Re: [PATCH v4 26/31] mm: vmscan: prepare for reparenting MGLRU folios
From: Harry Yoo
Date: Thu Feb 12 2026 - 03:48:17 EST
On Thu, Feb 05, 2026 at 05:01:45PM +0800, Qi Zheng wrote:
> From: Qi Zheng <zhengqi.arch@xxxxxxxxxxxxx>
>
> Similar to traditional LRU folios, in order to solve the dying memcg
> problem, we also need to reparenting MGLRU folios to the parent memcg when
> memcg offline.
>
> However, there are the following challenges:
>
> 1. Each lruvec has between MIN_NR_GENS and MAX_NR_GENS generations, the
> number of generations of the parent and child memcg may be different,
> so we cannot simply transfer MGLRU folios in the child memcg to the
> parent memcg as we did for traditional LRU folios.

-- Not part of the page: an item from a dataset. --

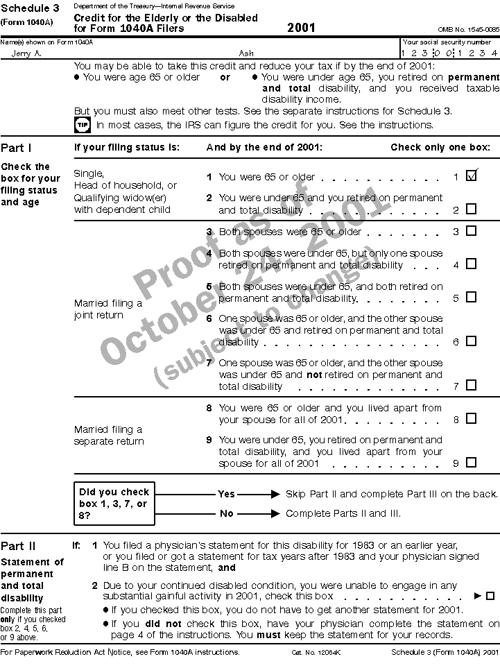 Check the box in Part I of Schedule 3 for your filing status and age.

> 2. The generation information is stored in folio->flags, but we cannot
> traverse these folios while holding the lru lock, otherwise it may
> cause softlockup.
> 3. In walk_update_folio(), the gen of folio and corresponding lru size
> may be updated, but the folio is not immediately moved to the
> corresponding lru list. Therefore, there may be folios of different
> generations on an LRU list.
> 4. In lru_gen_del_folio(), the generation to which the folio belongs is
> found based on the generation information in folio->flags, and the
> corresponding LRU size will be updated. Therefore, we need to update
> the lru size correctly during reparenting, otherwise the lru size may
> be updated incorrectly in lru_gen_del_folio().
>
> Finally, this patch chose a compromise method, which is to splice the lru
> list in the child memcg to the lru list of the same generation in the
> parent memcg during reparenting. And in order to ensure that the parent
> memcg has the same generation, we need to increase the generations in the
> parent memcg to the MAX_NR_GENS before reparenting.
>
> Of course, the same generation has different meanings in the parent and
> child memcg, this will cause confusion in the hot and cold information of
> folios. But other than that, this method is simple enough, the lru size
> is correct, and there is no need to consider some concurrency issues (such
> as lru_gen_del_folio()).
>
> To prepare for the above work, this commit implements the specific
> functions, which will be used during reparenting.
>
> Suggested-by: Harry Yoo <harry.yoo@xxxxxxxxxx>
> Suggested-by: Imran Khan <imran.f.khan@xxxxxxxxxx>
> Signed-off-by: Qi Zheng <zhengqi.arch@xxxxxxxxxxxxx>
> ---
> include/linux/mmzone.h | 16 +++++
> mm/vmscan.c | 154 +++++++++++++++++++++++++++++++++++++++++
> 2 files changed, 170 insertions(+)
>
> diff --git a/include/linux/mmzone.h b/include/linux/mmzone.h
> index 3e51190a55e4c..0c18b17f0fe2e 100644
> --- a/include/linux/mmzone.h
> +++ b/include/linux/mmzone.h
> diff --git a/mm/vmscan.c b/mm/vmscan.c
> index e2d9ef9a5dedc..8c6f8f0df24b1 100644
> --- a/mm/vmscan.c
> +++ b/mm/vmscan.c
> +void lru_gen_reparent_memcg(struct mem_cgroup *memcg, struct mem_cgroup *parent)
> +{
> + int nid;
> +
> + for_each_node(nid) {
> + struct lruvec *child_lruvec, *parent_lruvec;
> + int type, zid;
> + struct zone *zone;
> + enum lru_list lru;
> +
> + child_lruvec = get_lruvec(memcg, nid);
> + parent_lruvec = get_lruvec(parent, nid);
> +
> + for_each_managed_zone_pgdat(zone, NODE_DATA(nid), zid, MAX_NR_ZONES - 1)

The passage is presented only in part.